It’s been known for many years now that any devices that use the Bluetooth LE protocol for authentication are a hack waiting to happen.

In spite of this, hardware vendors have continued to churn out Bluetooth LE devices because of the immense power consumption benefits they provide over using the original power-hungry Bluetooth protocol.

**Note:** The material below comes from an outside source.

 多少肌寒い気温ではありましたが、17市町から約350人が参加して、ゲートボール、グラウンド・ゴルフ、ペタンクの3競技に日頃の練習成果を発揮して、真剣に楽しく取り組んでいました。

After all, LE in Bluetooth LE stands for Low Energy.

Nonetheless, there are various security protections that manufacturers can include with their Bluetooth LE devices in order to prevent easy exploitation.

The latest vendor who learned this lesson is Vaultek, a company which sells one of the most popular gun safes on Amazon, the VT20i.

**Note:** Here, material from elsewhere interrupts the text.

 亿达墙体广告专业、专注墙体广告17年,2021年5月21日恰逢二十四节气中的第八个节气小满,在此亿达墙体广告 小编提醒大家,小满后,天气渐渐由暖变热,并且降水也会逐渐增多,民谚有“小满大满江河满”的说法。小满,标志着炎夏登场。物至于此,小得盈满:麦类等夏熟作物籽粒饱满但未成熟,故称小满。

The company had to recently issue firmware updates for its product after security researchers from Two Six Labs found three huge security flaws in the design of their top-seller.

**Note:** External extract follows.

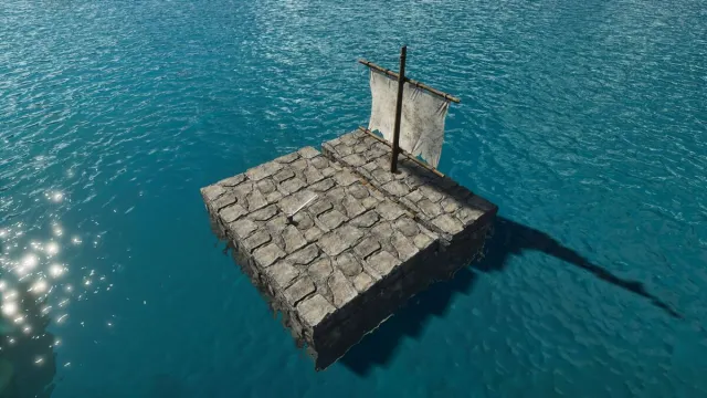 To make the Raft Base which you can build up and take anywhere on the water since it is fully mobile, you need to perform a little base-building game break. From the rudder, build Wood or Stone Foundations on all the corners by putting them as far onto the corners as possible and sinking them as much as possible. Create a “U” shape and then pick up the Foundations except for the three on the sail’s side.

Attackers can guess the PIN’s safe in unlimited tries

The Vaultek VT20i works by allowing users to set up an access PIN from the PIN pad. There is also an Android app that allows the safe owner to unlock the safe via the Bluetooth LE protocol.

Before unlocking the safe, an app must pair with the safe. The pairing code is the same as the safe’s unlock code. According to researchers, the Android app allows for an unlimited number of pairing attempts.

This means that an attacker can brute-force the pairing process and determine a safe’s PIN code. The attacker can the use this PIN code to unlock a VT20i safe via an app installed on his phone, or just type it on the safe’s PIN pad if he has physical access.